The main purpose of the Navigator class is to provide an abstraction around the navigation methods of an Activity such as startActivity() as well as the building of Intent objects. In order to do that, it needs to have an reference to the currently visible Activity. This becomes problematic when the instance of the Navigator is retained through configuration changes, because the Activity it contains gets destroyed. Therefore its implementation has been updated a bit and now it gets the latest Activity through a setter.

private Activity mActivity;
public void setActivity(Activity activity) {
    mActivity = activity;
}

This setter is being called in the new BaseDaggerActivity, which makes sure it keeps the instance inside the Navigator always fresh. This way, we also prevent leaking a destroyed Activity, because the reference inside the Navigator points always to the newest instance of the currently visible Activity. The following code snippet of BaseDaggerActivity shows how this is performed.

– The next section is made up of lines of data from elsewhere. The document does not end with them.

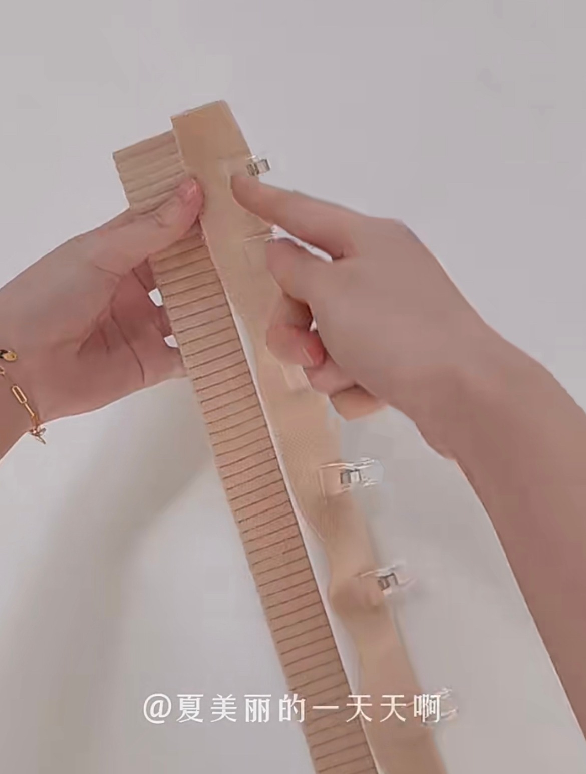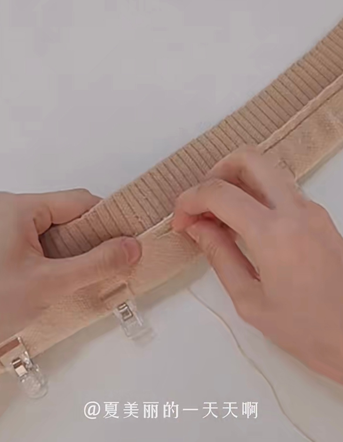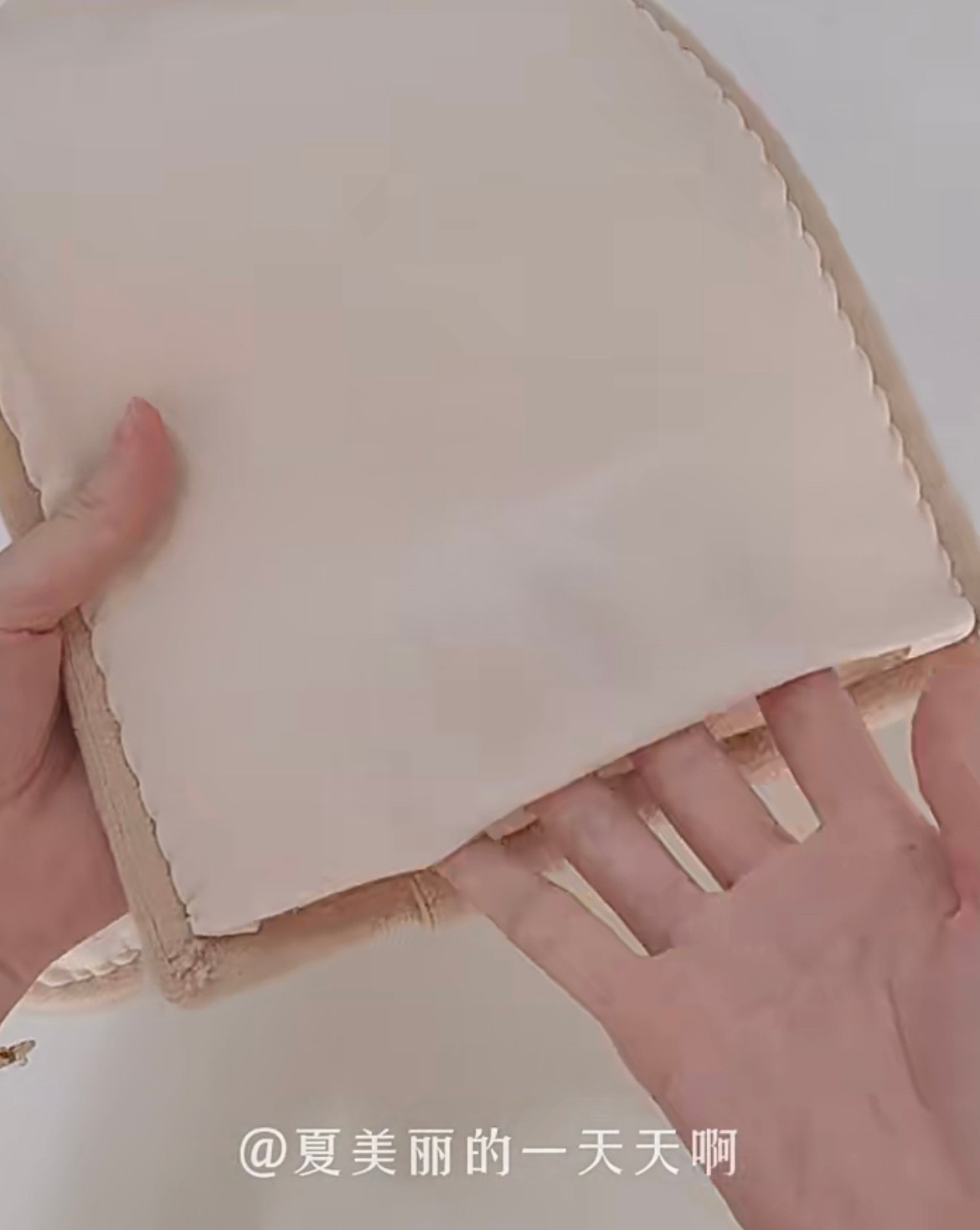 然後另一側也這樣固定並縫合,作為手袋的手挽部分。
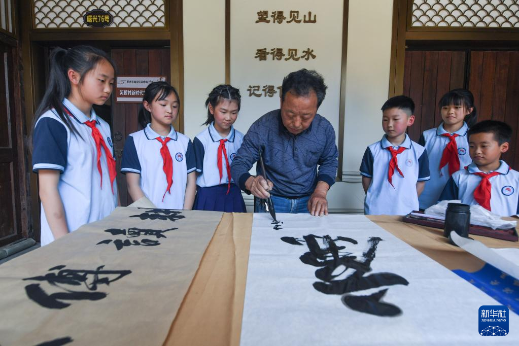 5月6日,在河桥镇文化礼堂内,当地“清廉文艺宣传队”队员带领河桥镇小学学生书写清廉家风书法作品。
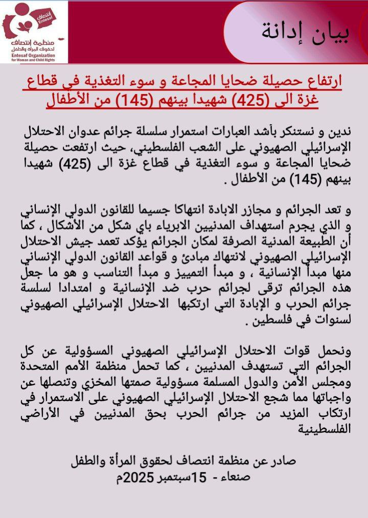 ندين و نستنكر بأشد العبارات استمرار سلسلة جرائم عدوان الاحتلال الإسرائيلي الصهيوني على الشعب الفلسطيني، حيث ارتفعت حصيلة ضحايا المجاعة و سوء التغذية في قطاع غزة الى (425) شهيدا بينهم (145) من الأطفال.
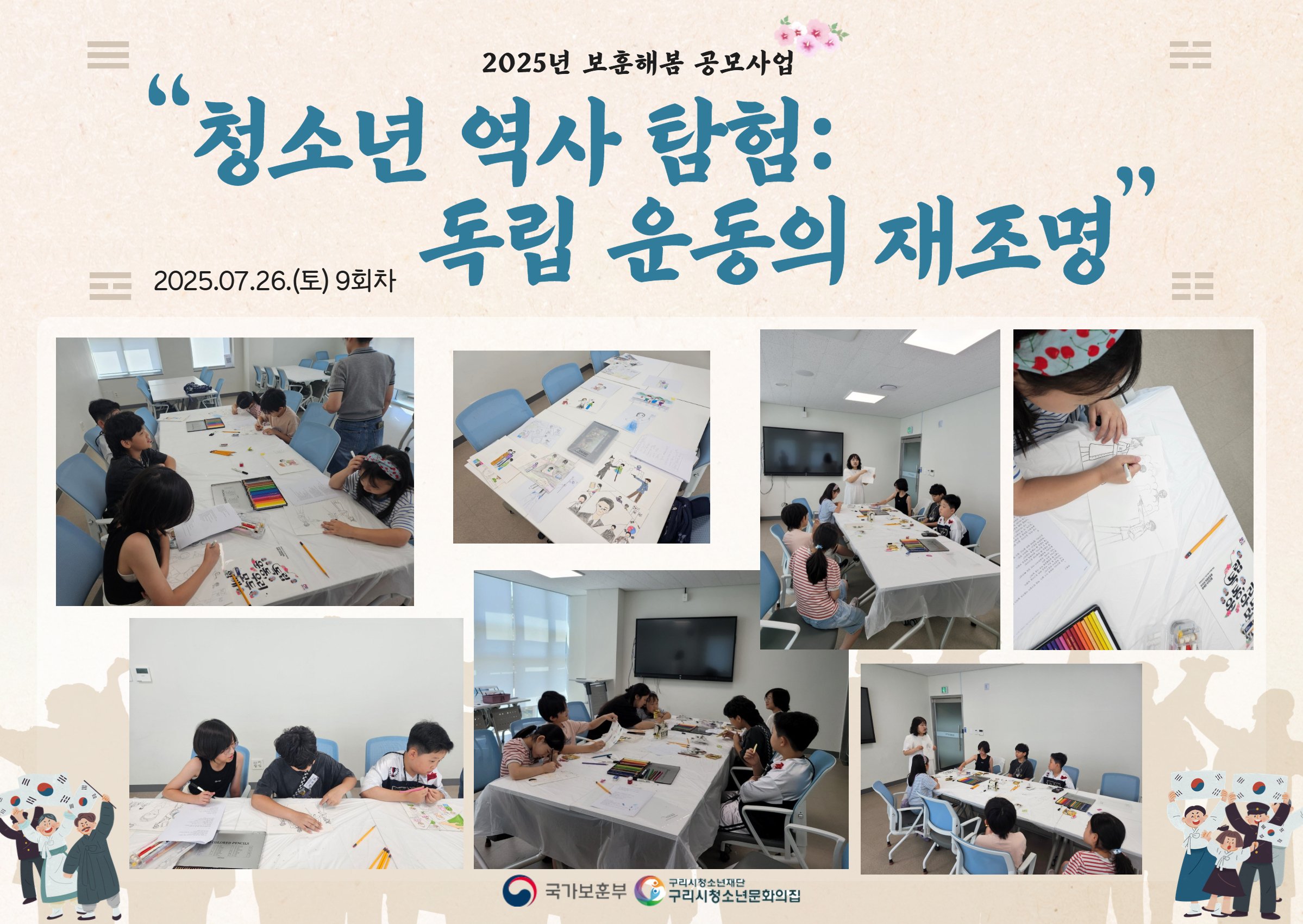 청소년문화의집 보훈부 공모사업 '청소년 역사탐험' 초등부 1기 - 9회차(2025.07.26) 작성자 김윤지 등록일자 2025년 7월 27일 12시 54분 33초 조회 73 국가보훈부 공모사업 '청소년 역사탐험: 독립 운동의 재조명'초등부 1기 9회차 - 일러스트 작업Ⅱ(10시~12시 총 2시간) 활동기록(공모사업) (2).jpg [ Size : 3.16MB , Down : 27 ] 미리보기 다운로드 목록보기
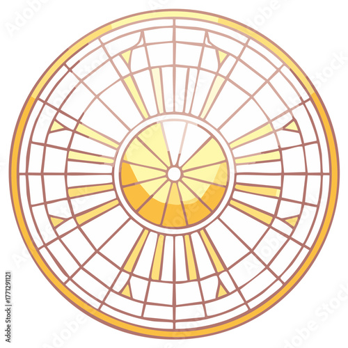 Symmetrical golden yellow stained glass window with intricate circular geometric patterns vector art
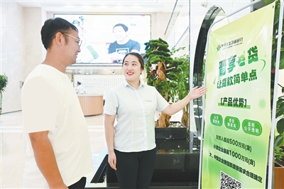 今年以来,漳泽农商行以提高贷款工作效能为抓手,明确重点工作,把握市场脉动,积极探索服务小微企业、乡村振兴新模式,持续为实体经济和“三农”经济发展蓄势赋能。图为该行工作人员为客户介绍“晋享e付”金融产品 ,提升客户体验。 景丹丹 摄
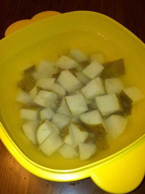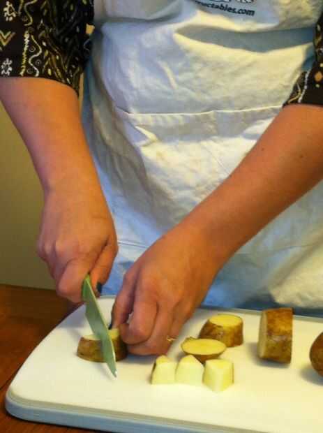 Lave quieras muchas patatas. Pelar si te gusta o deja la piel en. Cortar en trozos de tamaño de un bocado. Poner las patatas cortadas en un bol de agua fría para mantenerlos frescos y puesto a un lado.
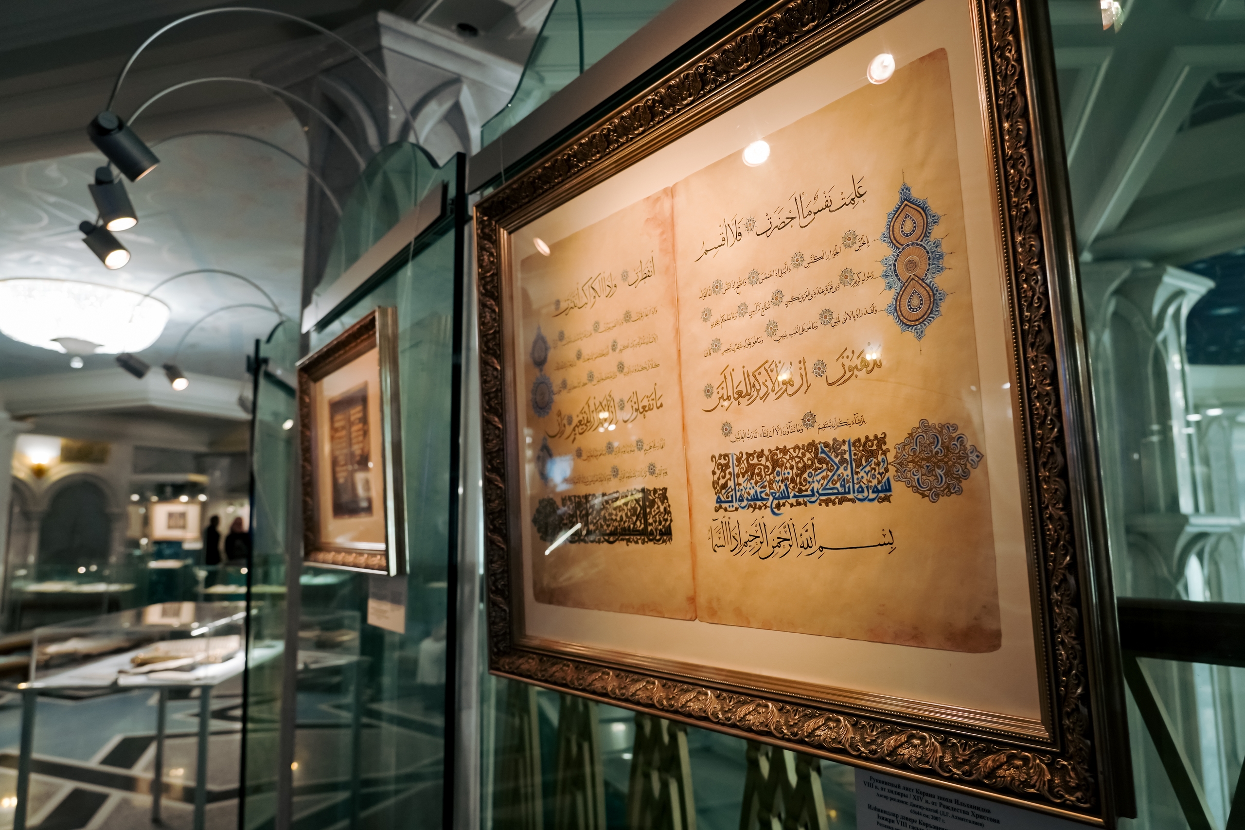 В экспозиции представлен 51 рукописный лист Корана: это точные реплики, созданные художником-реставратором Дамиром Ахматгалиевым с оригиналов VII–XIX веков из музейных и библиотечных собраний России, Европы, Азии и Африки. Помимо этого выставлены реплики с таких редких рукописей, как «Голубой Коран», Коран халифа Усмана, османские и сефевидские списки, а также полный текст Корана на одном листе. Особенно удивит современников поразительное разнообразие каллиграфических стилей: хиджази, куфи, магриби, андалуси, насх, мухаккак, сульс, бихари, сини, дагестанский насх и другие.

@Inject Navigator navigator;

@Override
protected void onCreate(@Nullable Bundle savedInstanceState) {
    ....

    // Make sure to update the navigator's current activity
    navigator.setActivity(this);
    onInjected(savedInstanceState);
}

@Override
protected void onStart() {
    super.onStart();
    // Make sure to update the navigator's current activity
    navigator.setActivity(this);
}

@Override
protected void onResume() {
    super.onResume();
    // Make sure to update the navigator's current activity
    navigator.setActivity(this);
}

The new Presenter and Interactor lifecycle

Having the whole scoped object graph survive configuration changes means that we have basically no lifecycle at all. Presenter and Interactor instances simply get instantiated through their constructor and then are garbage collected when the scoped ObjectGraph is removed from the ObjectGraphHolder.

However, references to the Views cannot be injected through the constructor of a Presenter anymore. This is due to the fact that when a cofiguration change occurs, we have a new View instance and we have to update its reference to it inside a Presenter. The following snippets show how this is performed in the CarBrandsActivity and CarBrandsPresenter.

public class CarBrandsPresenter implements CarBrandsPresenterInput, CarBrandsInteractorOutput {
    private CarBrandsPresenterOutput mView;
    
    ....
    
    @Override
    public void setView(@NonNull CarBrandsPresenterOutput view) {
        mView = view;
    }
public class CarBrandsListActivity extends BaseDaggerActivity implements CarBrandsPresenterOutput 
....
{

    @Inject CarBrandsPresenterInput presenter;
    
    @Override
    protected void onInjected(Bundle savedInstanceState) {
        super.onInjected(savedInstanceState);
        presenter.setView(this);
        
        ....
    }

Finally, sometimes we want to get notified when the whole VIPER module is no longer needed, so that we can for example abort any long-running operations inside an Interactor. We can then override the onDestroyObjectGraph() method in our Activity implementation and notify the Presenter and Interactor accordingly. Doing this allows these components to do any required cleaning of resources and should be always performed, so that no memory leaks can occur.

Summary

The new architecture implementation described in this post have evolved over the last several months. The needed changes have been performed in a couple of steps and have proven to be significant improvement over the existing implementation in terms of code simplicity, testing, flexibility and separation of concerns. It is however far from perfect and can always be improved further.